| Standort | Modestia, Corenia |
| Wirtsleut | Glennir und Desmondea |
| Quartier | ja |
Einer der Handelsknoten der Modestianer ist die Karawanserei „Zur großen Linde“. Sie liegt im Westen Corenias, im Gebiet der Vormannschaft Walgenhain. Vor dem Kontakt mit den Heligoniern war Walgenhain geprägt vom Handel mit der Stadt Grendelbruch, die als einzige corenische Stadt mit Nicht-Coreniern Handel betrieb. Seit nun aber die Heligonier in Modestia stationiert sind, waren die Gebiete des Westens gewillt, diese Abhängigkeit zu Grendelbruch zu lösen.
Der Handel mit den Coreniern führte zu einem schnellen Wachstum und zu blühenden Geschäften.

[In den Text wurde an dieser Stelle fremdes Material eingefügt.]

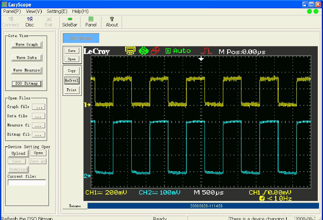 Программное обеспечение EasyScope (рис. 15), поставляемое в составе прибора позволяет осуществлять дистанционное управление осциллографом через виртуальную панель управления, в том числе в режиме допускового контроля. Широкий перечень настроек и удобный выбор требуемого контекстного окна обеспечивают лёгкий доступ к измеренным параметрам, быстрое сохранение осциллограмм непосредственно на персональный компьютер в виде графических файлов (bmp.) или массивов данных (bin./csv.). Для этого предназначены соответствующие разделы-закладки «Wave Measurements», «Wave Graph», «Wave Data».
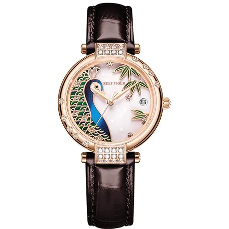 REEF TIGER Brand Luxury Gold Rose Women Pink Dial Automatic Peecock Watches with Calfskin Strap RGA1587
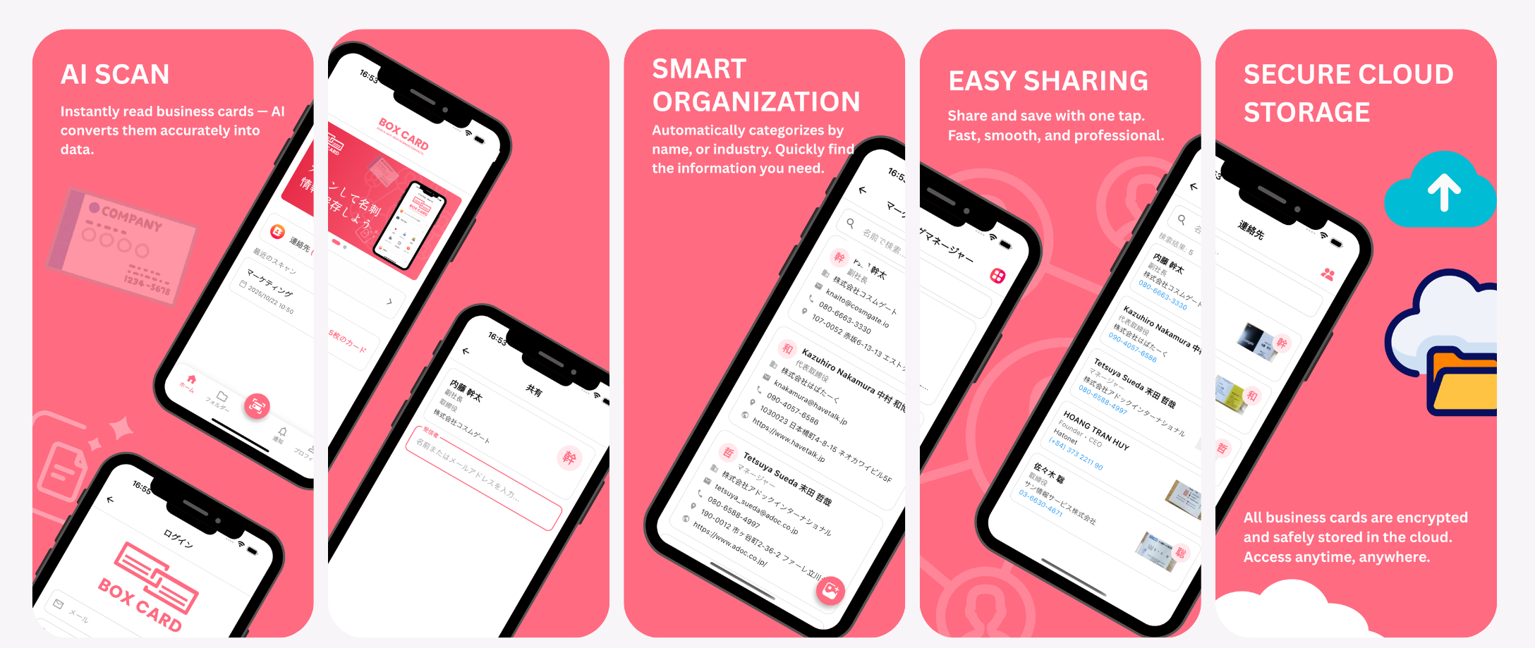 BoxCard is an AI-powered cloud business card management app developed by a Vietnamese team. Simply snap a photo of a business card with your smartphone, and the AI automatically analyzes, categorizes, and stores the information.
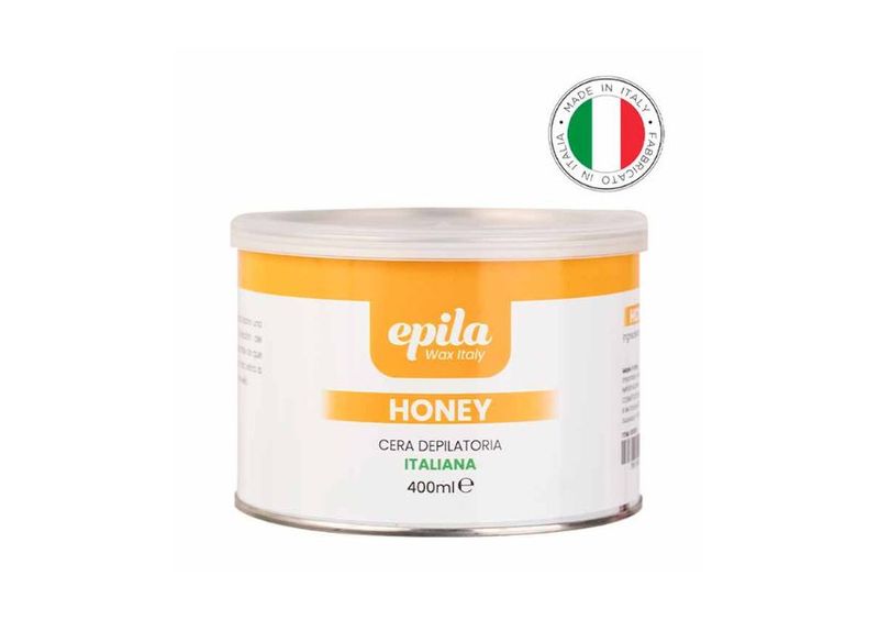 Cera Depilatoria Honey 400ml - EPILA, cera liposoluble formulada con extracto de miel que permite una depilación efectiva desde la raíz, dejando la piel suave y tersa. Su textura adherente y fácil de aplicar facilita la extracción del vello sin romperlo, ayudando a reducir la irritación. Ideal para uso corporal y para todo tipo de piel. Se utiliza con bandas depilatorias para un resultado profesional.

So wurde aus dem einfachen Handelsposten eine sichere Herberge für Reisende. Die Unterkünfte sind zwar einfach, doch Mensch und Tier können rasten und werden mit dem Nötigsten versorgt.
Geführt wird die Karawanserei von dem zugereisten Heligonier Glennir und seiner Frau Desmondea, eine walgenhainer Corenierin. Ihre Stellung als Prinzipatin ermöglichte es, dass die ehemals einfache Schenke zur einer Tafernwirtschaft mit gewissen Rechten aufgewertet wurde.
Die günstig gelegene Herberge floriert seitdem als Stützpunkt für Händler und Kaufleute. Selbst Handwerker, Barden und Gelehrte nutzen den sicheren Ort für Verhandlungen und Gespräche.
Wann war es mal so richtig voll?
Vom 31. Tag des 3. Heliosmonds bis zum 2. Tag des 1. Xurlmonds im Jahre 46 n.A.III beherbergte die Taverne einige Gelehrte und Reisende aus den Südlanden, zu denen später Heligonische Gelehrte und Reisende stießen. Die Taverne wurde am Abend des Frohntags von einer Armee unter dem zweigeteilten Banner Arobens und Rabes angegriffen. Die Südländer, welche sich bereits in der Taverne verschanzt hatten, erhielten jedoch Hilfe von Heligoniern, die über ein Portal im Wald die Szenerie erreichten. Wie sich herausstellte, beanspruchte das angreifende Heer das Portal. Gemeinschaftlich konnten Heligonier und Südländer die Gefahr jedoch abwenden.